One is to send the patient schedule at the start of the day so the company can complete each job without having to interrupt it for lack of data. Her advice is to send the schedule at the beginning of the day even if there are going to be add-on appointments. Then send the completed schedule at the end of the day so the company can pick up that extra information.

Another recommendation is to “ask the doctors to slow down for the first two weeks” when the office starts using a new company.

Another is to explain to the physicians that they should edit their transcription as little as possible. “Some doctors edit constantly,” she says, and the office winds up with slower service, extra costs, and loss of the doctors’ productivity.

And here are yet two more recommendations.

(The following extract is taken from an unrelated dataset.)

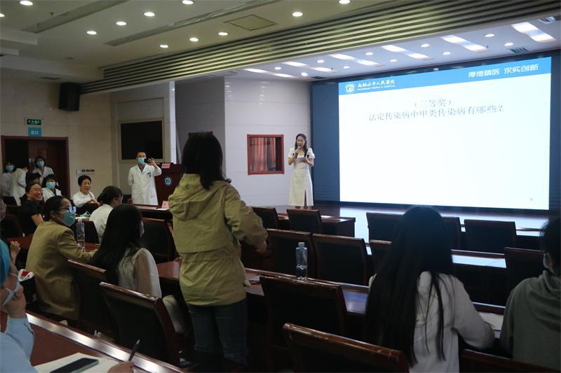 專(zhuān)題講座環(huán)節(jié),院感辦主任駱玉喬剖析了等級(jí)醫(yī)院評(píng)審工作中臨床常見(jiàn)的問(wèn)題,帶領(lǐng)大家對(duì)醫(yī)院感染暴發(fā)進(jìn)行了桌面推演,為各科室今后的院感工作進(jìn)行指導(dǎo),并對(duì)等級(jí)醫(yī)院評(píng)審中院感質(zhì)控部分提出要求?;顒?dòng)最后進(jìn)行了院感知識(shí)有獎(jiǎng)競(jìng)答,大家踴躍參與、爭(zhēng)相競(jìng)答,現(xiàn)場(chǎng)氣氛熱烈。寓教于樂(lè)的活動(dòng)形式,既給繁忙勞累的醫(yī)務(wù)人員帶來(lái)片刻的放松,又使大家溫習(xí)熟記了許許多多的院感知識(shí),強(qiáng)化了全院醫(yī)務(wù)人員的院感防控意識(shí)。

First, set a turnaround time that will allow for the level of accuracy the office wants. With a 48-hour turnaround, everything should be accurate, she says. But when the customer needs the transcription in just a few hours, the accuracy rate will be lower.

And second, be clear about the format the office needs so the company can set up a template that meets those requirements exactly.

What’s the accuracy rate?

What sort of accuracy should the office expect?

Accuracy can be measured a number of ways. Most often, it’s by the percentage of errors per number of lines or per number of files.

But don’t get tied to calculations, Harris says. Put equal weight on whether the company corrects whatever errors the office flags and doesn’t repeat them.

And be sure to flag the errors. “In our line of business, no news is good news,” Harris says. Unless the company hears otherwise, it assumes all is well.

Errors differ in seriousness. The Association for Healthcare Documentation Integrity headquartered in Modesto, CA, puts them into four categories:

Critical errors. These affect patient safety – medical word misuse, incorrect drug or dosage, incorrect lab values and test names, omitted dictation, and patient identification error.

Major errors. These affect document integrity – misspellings, transcription that’s different from the dictation, failure to flag a document for clarification, leaving a term blank instead of researching it, and failure to follow the office’s preferences.

Minor errors. These are typos as well as errors in grammar, punctuation, and formatting.

Dictation Flaws. These vary and can be critical, major, or minor.

Errors in medical words aren’t easy to avoid, Harris says, because terms are often spelled more than one way and also because there’s a constant stream of new medication products. What’s more, the doctor may mispronounce a product name or may dictate an incorrect spelling that the patient has written down.

For best accuracy, the company should flag just about all medicines as well as allergies for physician review. And along with that, the physicians should spell out anything that could cause confusion.